"Some women are lost in the fire. Some women are built from it."
—Michelle K.
The Fire Within Blog
Pain World Misfit

I was recently reminded that just because we women in pain have the strength to re-invent ourselves we don’t get to live the lives we planned for and dreamed of having.

As a 35-year high-impact pain sufferer, I’m proud to have taken what I have left to help others avoid my fate. After feeling my life was stolen from me and considering suicide as my only option, I pulled up my bootstraps and made a wise choice – in fact, one that makes the world a better place.

You’d think that would be enough.

Not even close. Even though I’m passionate about my pain awareness work and I find deep meaning in helping others, I’m constantly unfulfilled. You see, I’m a performer first, always have been. Singing, dancing and acting are what I believe I was put on this earth to do. And that will never change.

Many years ago I was being interviewed by a journalist for what turned out to be one of the first in-depth, high-profile articles about what was back then called Reflex Sympathetic Dystrophy.  The writer seemed charmed by my tragedy-to-triumph life. She nodded knowingly while asking her last question. “Cynthia, if you could go back and change anything now, would you?”
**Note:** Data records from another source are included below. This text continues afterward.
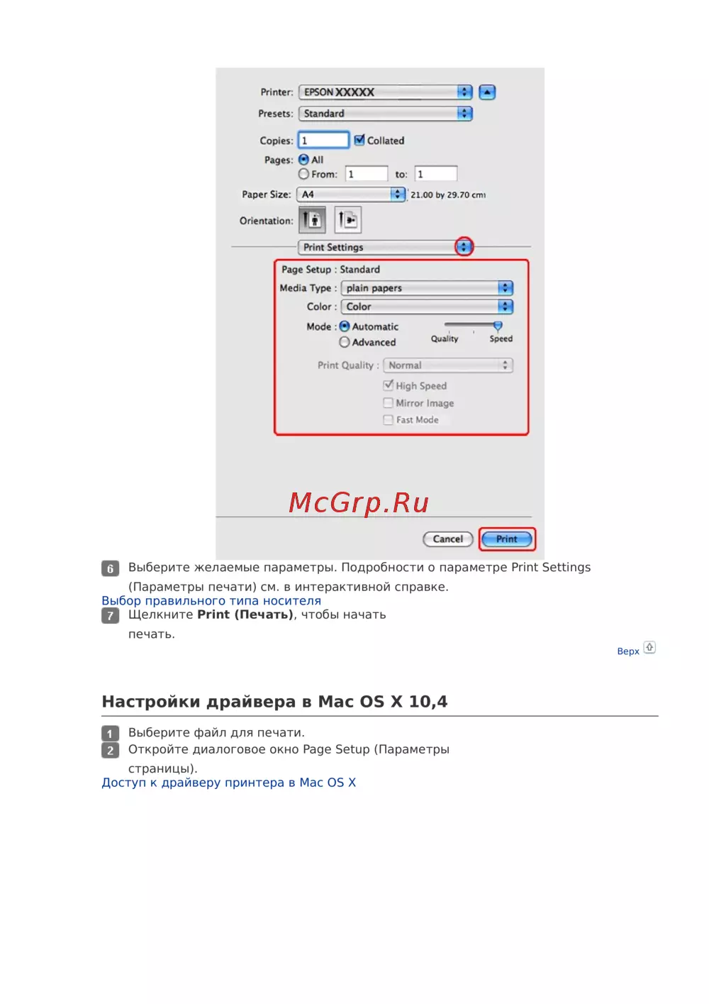 - Настройки драйвера в mac os x 10 или 10 p.26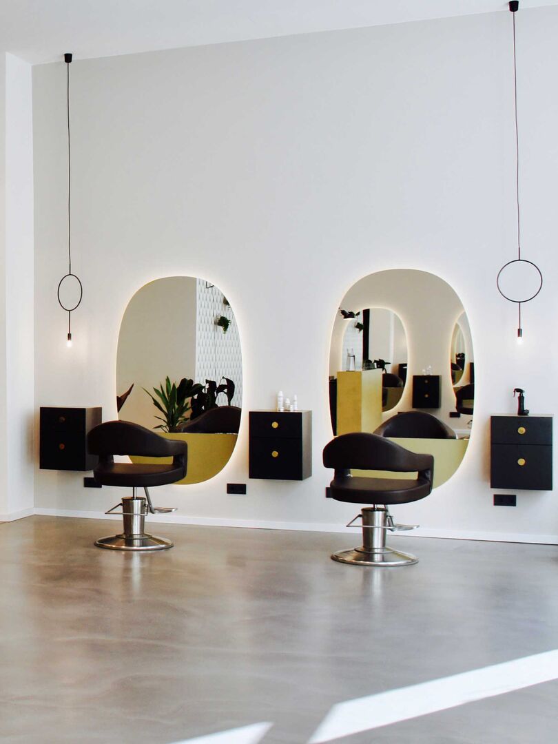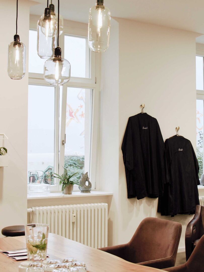 Japandi-Stil mitten in Berlin. Der neue Salon Bordel tritt mit schlichtem reduziertem aber trotzdem warmen, einladenden Interieur auf. Die schwarzen Elemente und organische Formen, die in Salon-Stühlen, Lampenformen, großen Vasen und ovalen Spiegeln zu finden sind, repräsentieren den Japan-Elemente.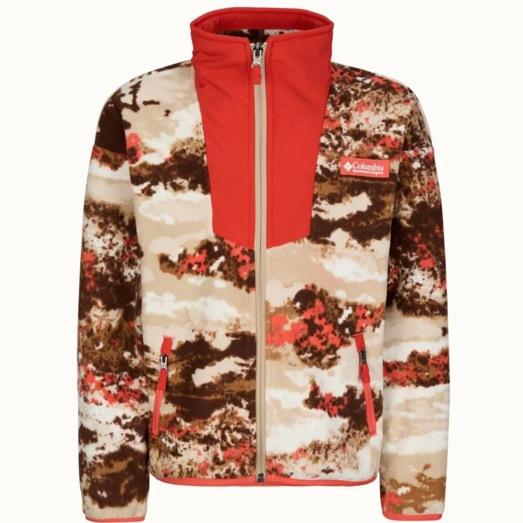 Die hübsche Sequoia Groove Printed Full Zip Fleecejacke hält deine Kinder angenehm warm, wenn ihnen beim Drachen steigen lassen am Strand oder abends beim Campen langsam etwas kühl wird.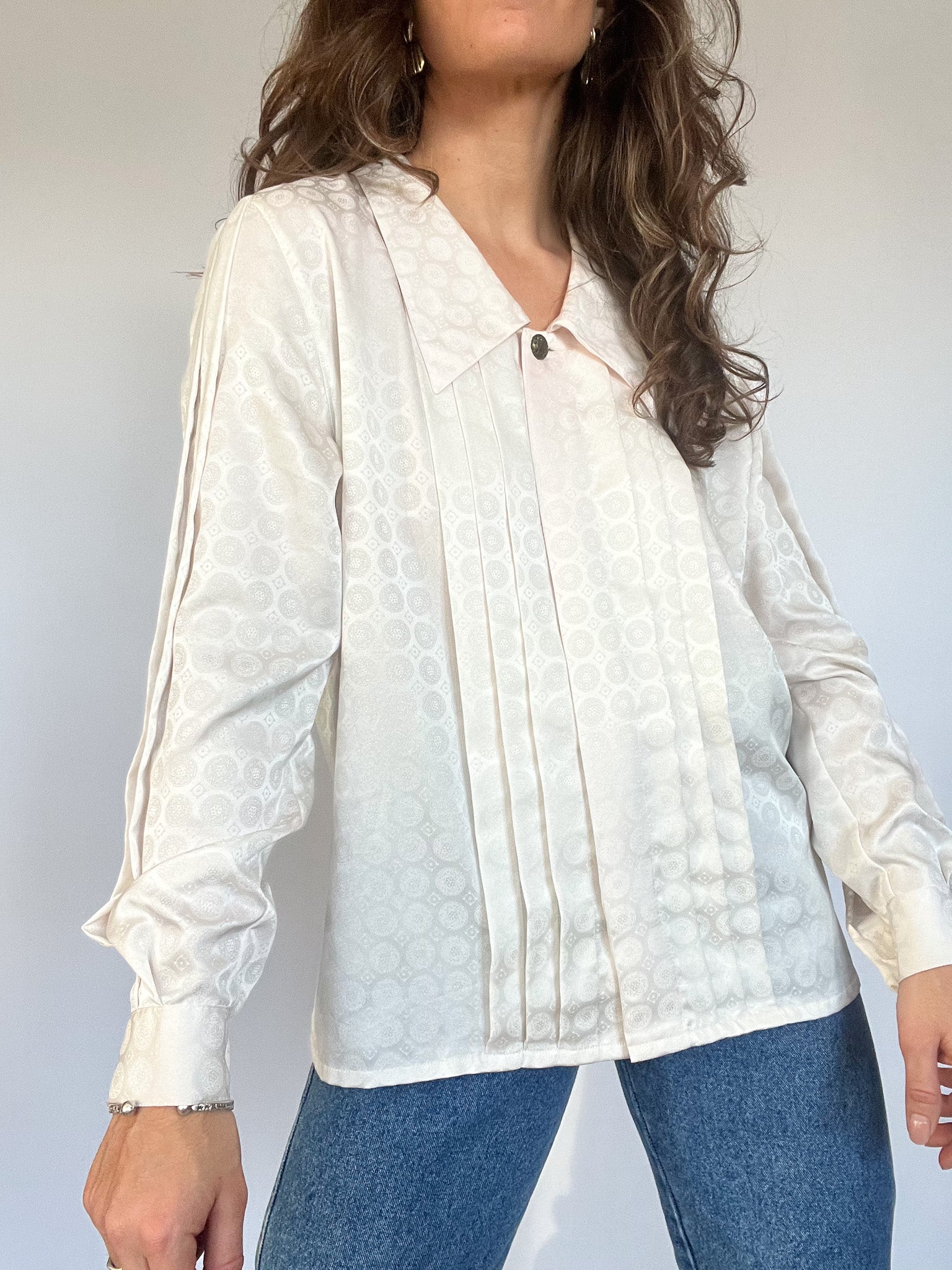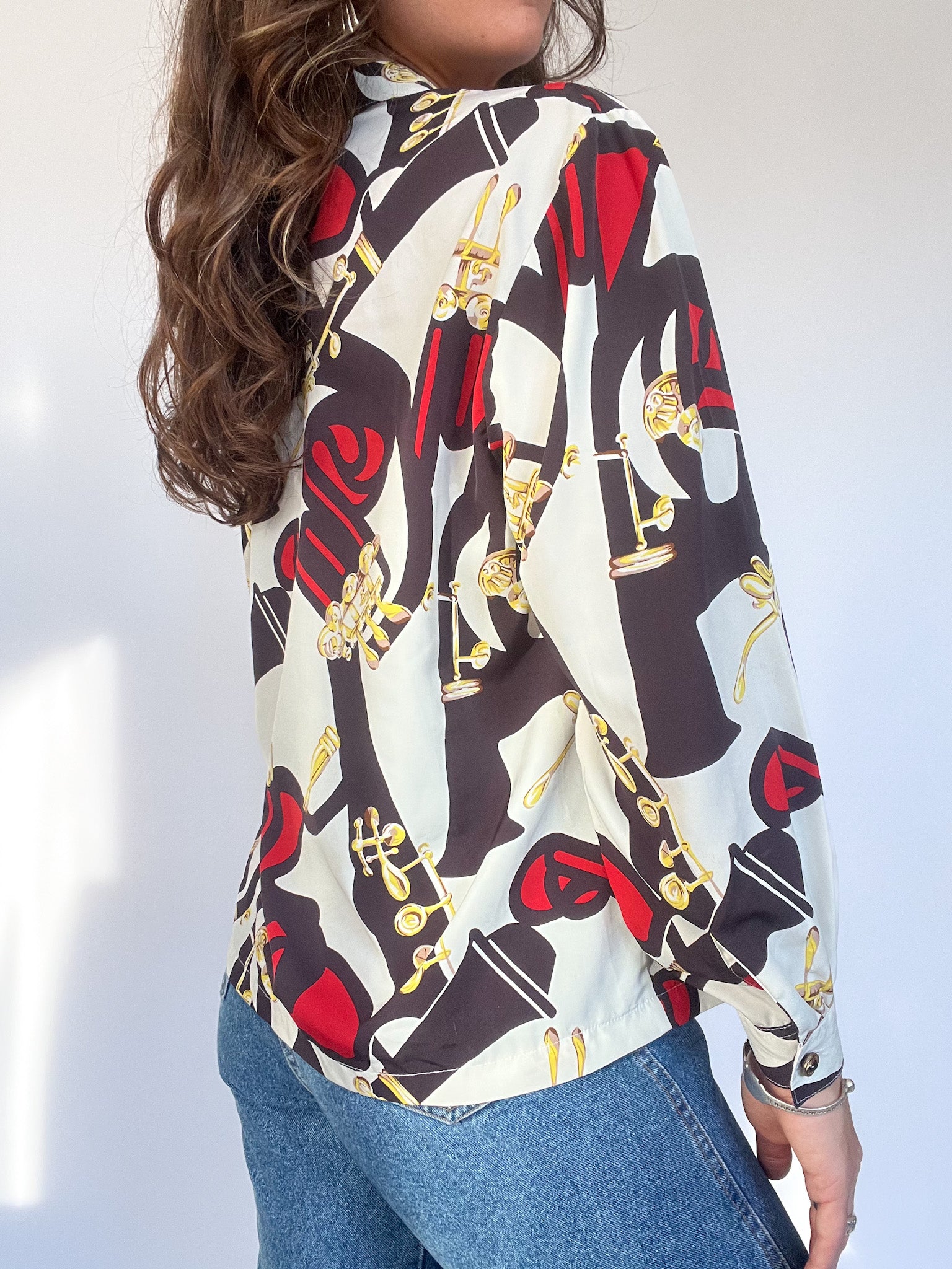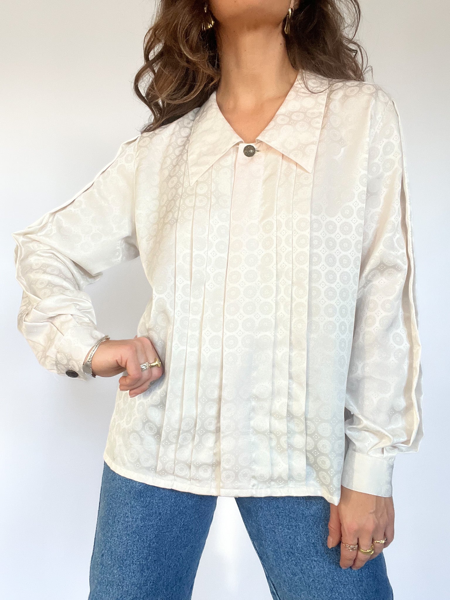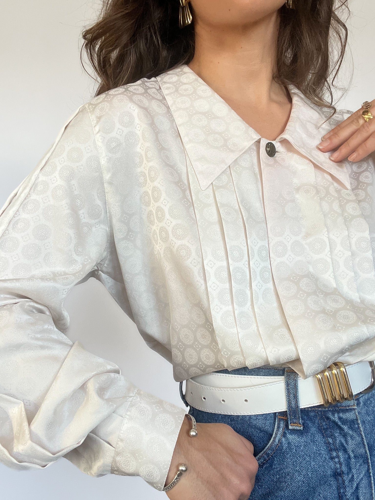 Vintage Taupe Silk Blouse with Bow Tie Detail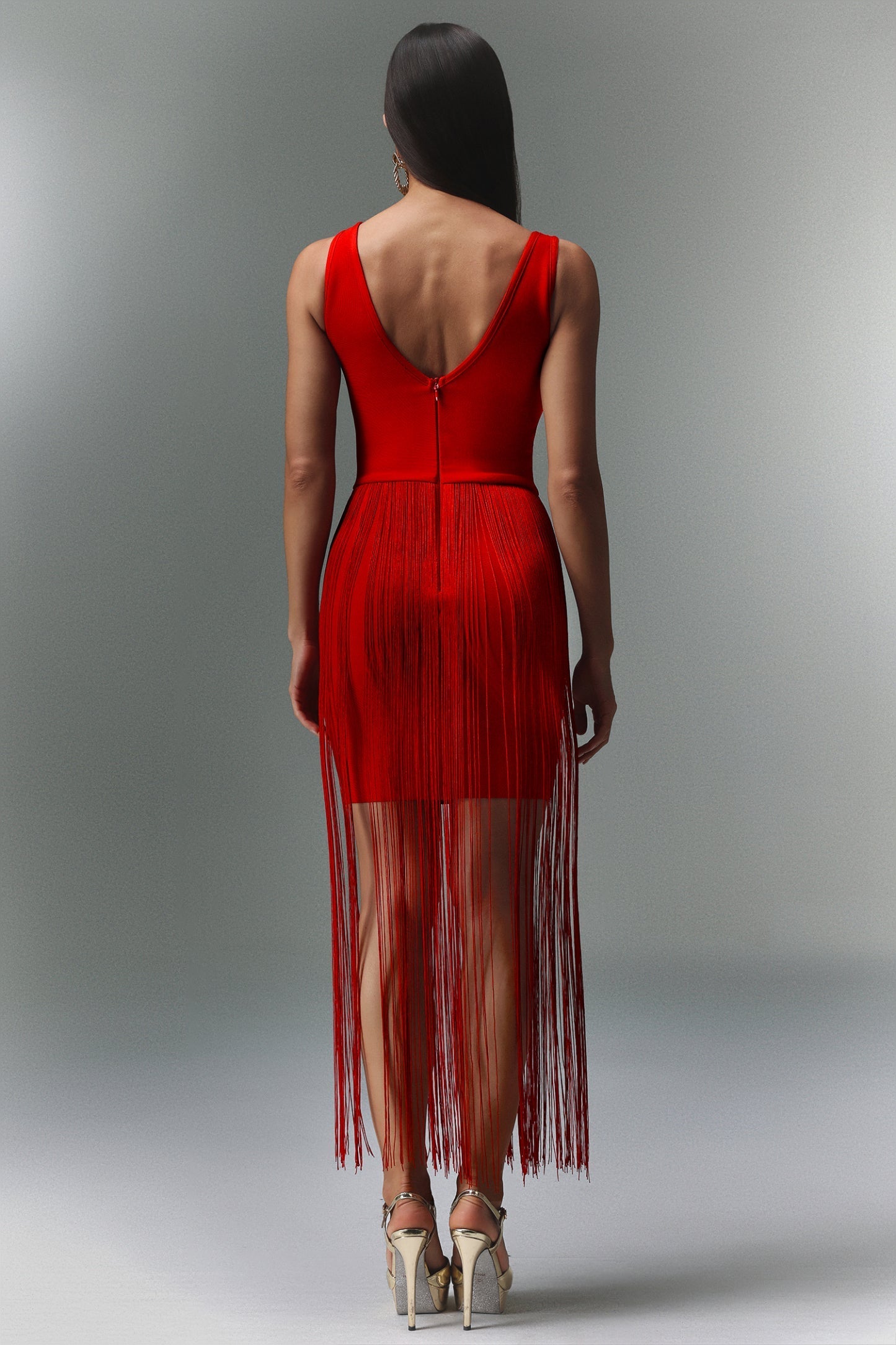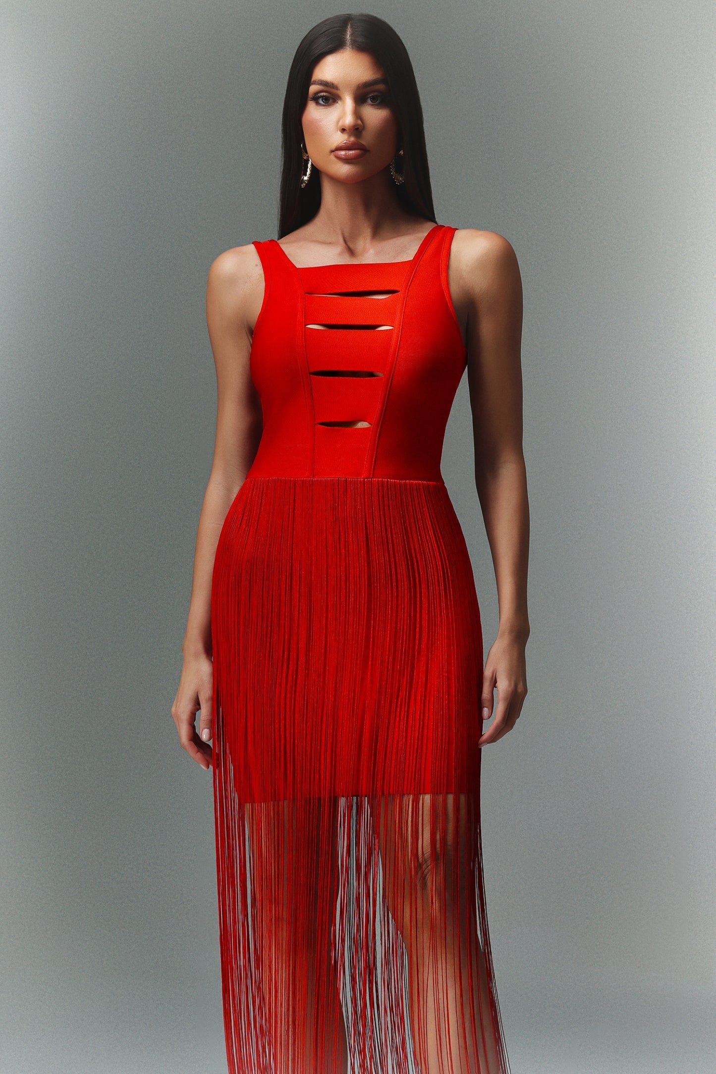 Özel üretim Boyun Detaylı Püsküllü Bandaj Midi Elbise, vücut hatlarınıza mükemmel uyum sağlayarak zarafeti ve şıklığı ön plana çıkarır. Göğüs, bel ve kalça bölgelerindeki esnek yapı ile her bedene uygun konfor sunar. Gece davetlerinden kutlamalara, özel günlerinizde fark yaratacak bu elbise, minimalist tasarımı ile dikkat çeker.

I stunned Mayrav when I answered, “Yes, I’d change everything. I wouldn’t have gone to ballet class the morning I sustained my injury. I would have lived the life I’d prepared myself for. The life I had to have, the one that would have made me happy.”

While this longing and discontentedness is always simmering, it recently hit me hard and unexpectedly. I started a LinkedIn account because For Grace is seeking volunteers for our September pain summit. That, and colleagues have been needling me for eons to start a LinkedIn profile.

After setting up my page and connecting with a few folk, I got bored as social networking has never been my bag. I love face-to-face, voice-to-voice. So the devil got into me a bit and I started searching LinkedIn for people from my past. The good, the bad and those who left and broke my heart.

In the process I connected with an old college roommate. Andi left long ago, but I’ve always felt a strong bond with her. She’d planned to go into law, but after observing my aspiring Hollywood life, changed her path and is now a top executive with a major entertainment studio.

Through the magic of LinkedIn, I could see who Andi’s connections were. Producers, actors, writers, directors – all working at the top of their game in Hollywood. My heart literally ached for that exciting, creative universe. These were the people I would have spent my life with. This was my tribe.

I’m a misfit in the pain world. While I have great respect and admiration for people who dig in to comfort, aid and assist those of us with pain, and I’m proud to call many of them colleagues and friends, I flat out don’t belong. I suspect most of us feel some of the same. We long to have our lost lives.

I’m no martyr. Even though the work I do helps people, the desire to feed my soul is often bigger. We should all have the choice to live the life we want, but, tragically, when we’re struck down with high-impact pain, that’s one of the many choices that takes flight.

Most days I accept my lot and right as much wrong as I can. But some days those stars that burn so bright, just beyond my reach, make me cry.